With July here, we are into the busy time of year, for both Permanent Change of Station and Family vacations. There are numerous ways to prepare for departure and to ensure a safe trip and arrival.If you are preparing to PCS to the next assignment with your personal vehicle, it is important that the car be inspected and serviced before you leave.
Be prepared for any emergency while travelling, with a properly-inflated spare tire, wheel wrench and jack. Jumper cables can help you re-start a dead battery. A cell phone car charger is imperative, as are flares or reflective triangles, which can alert other drivers if you are in a disabled vehicle on the shoulder
Be sure to pack some nonperishable food, such as protein bars, dried fruit or jerky.
The heat of summer brings with it a higher likelihood of mechanical breakdown, according to Scott Bruning, Fort Belvoir Garrison Safety Office, who says there is more than inconvenience involved.
“Repairs will always cost more on the road than they do at home,” he said.
People have accidents, too
Travel difficulties may not be mechanical, but medical. The American Red Cross suggests packing a first-aid kit that includes: pain relievers, two pairs of non-latex gloves, absorbent compress dressings, adhesive cloth tape, roller bandages and gauze pads, scissors, tweezers, antibiotic ointment, your personal medications and prescriptions, and emergency contact phone numbers.

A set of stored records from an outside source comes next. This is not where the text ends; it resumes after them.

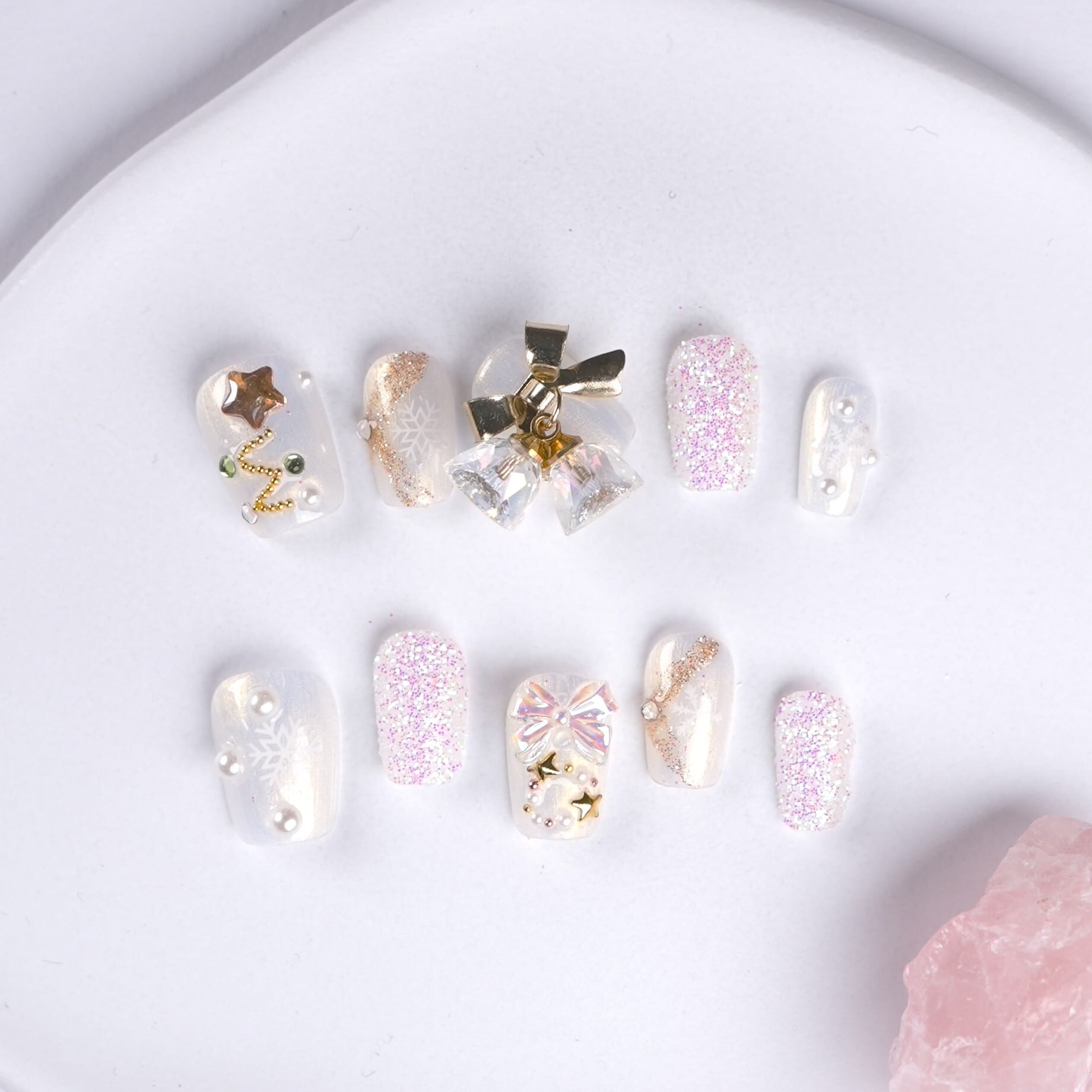透け感のあるホワイトをベースに、ゴールドベルや雪の結晶を散りばめた冬限定のデザイン。
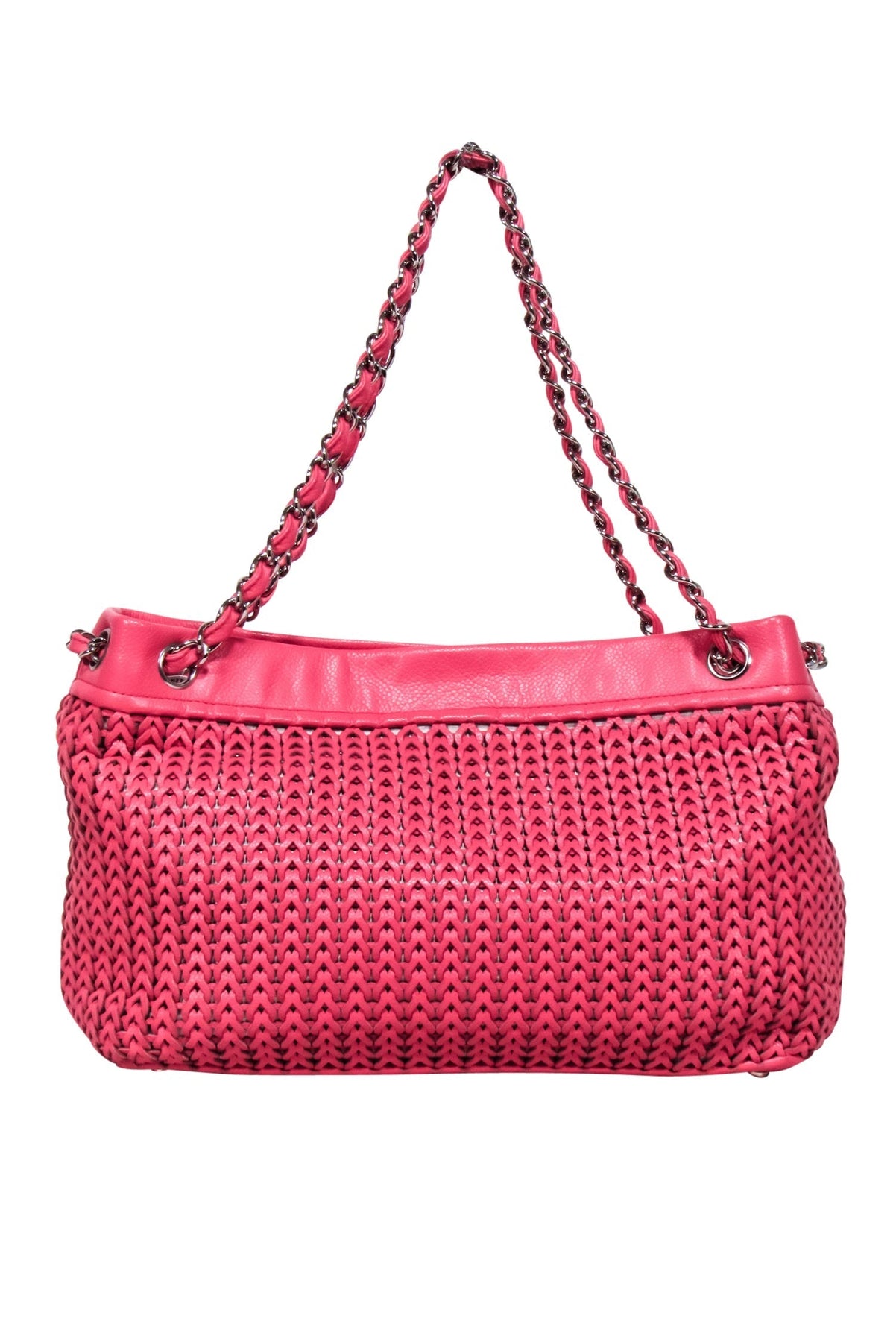 Add a pop of color to your outfit with this hot pink woven leather shoulder bag from Chanel. The silver woven chain adds a touch of elegance, making it the perfect Barbie dream bag. Say goodbye to boring purses and hello to fashion-forward fun!
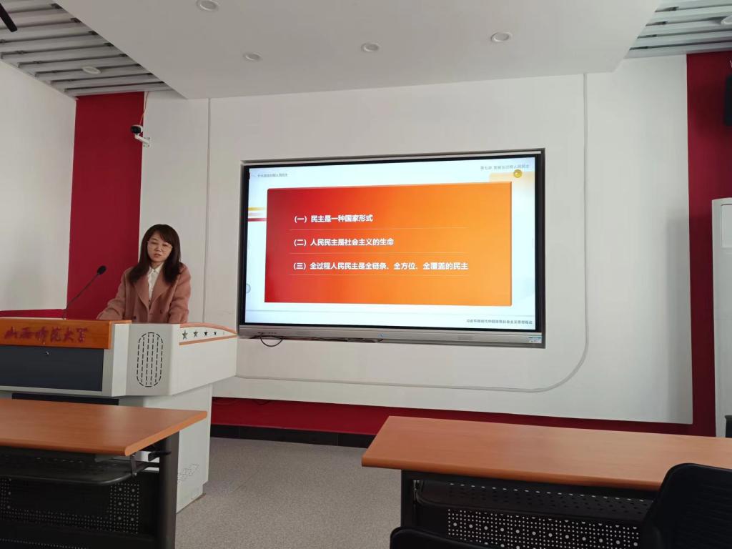 会上,老师们围绕“发展全过程人民民主”这一主题,从教材分析、学情分析、教学学法、教学重难点等方面进行了十分钟的说课,展示了不同的教学风格,演绎了不同的课堂精彩。
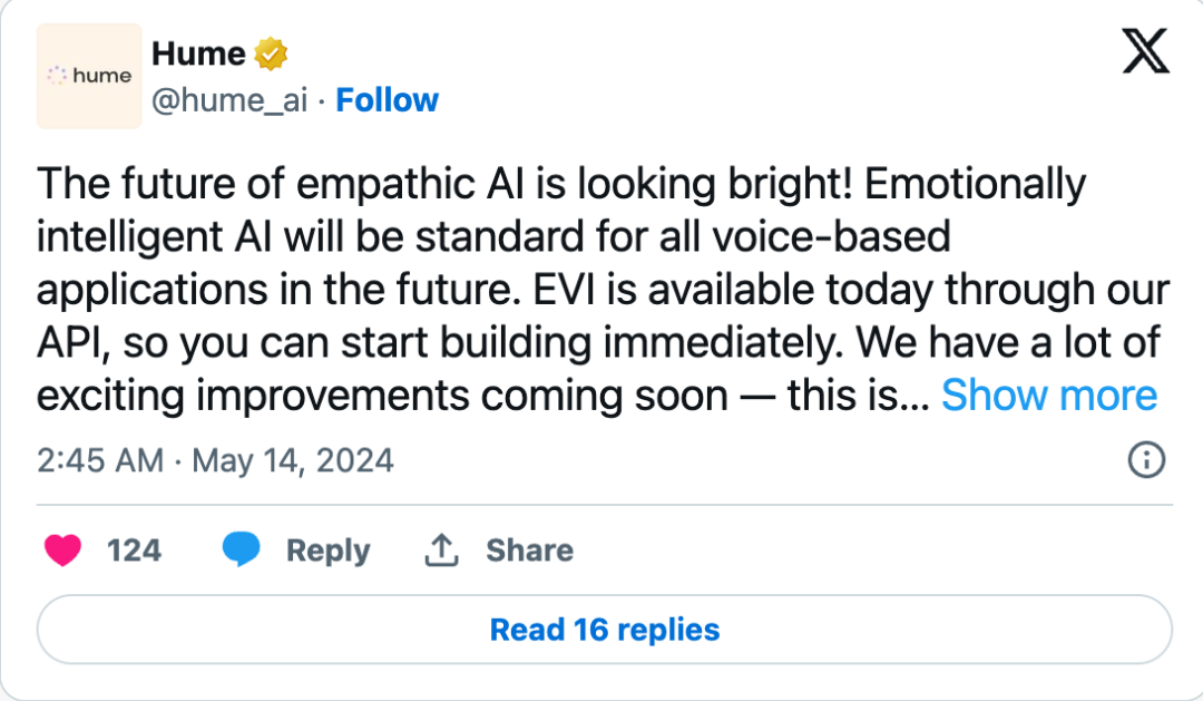 同时,发布了 EVI(Empathetic Voice Interface)的 Hume AI 也感到了压力,因此它们今天也发布了自己的 API 和一系列未来的改进计划。

All of this should be packed in a large, sealed bag or storage bin, and checked at least once that all items are still usable.
Plan, avoid fatigue
Plan your travel route in advance, and then share that information, along with your expected arrival date with Family or friends. Once on the road, it is important to recognize the high danger that fatigue plays in car wrecks.
According to the Fort Belvoir Safety Office, make frequent rest stops, and, if you have kids, be sure to bring snacks and some in-car activities to keep them engaged along the way. “Ideally, drivers should only drive for 4.5 hours without taking at least a 45-minute break,” said Bridget Pilgrim, Fort Belvoir Garrison Safety Office manager.
If you’re just heading out for vacation for a week or two, Pilgrim says there are steps to prepare your home before leaving.
“It’s important for you to set up timers for your lights to make it appear the house is occupied, and stop newspaper and mail deliveries while you are gone,” she said. Piles of papers or an over-stuffed mailbox are key clues to potential burglars that the house has been unoccupied for an extended period.
Finally, enjoy your vacation, but do not post on social media what a great time you’re having. That can also invite unwanted attention to your home and property while you’re away.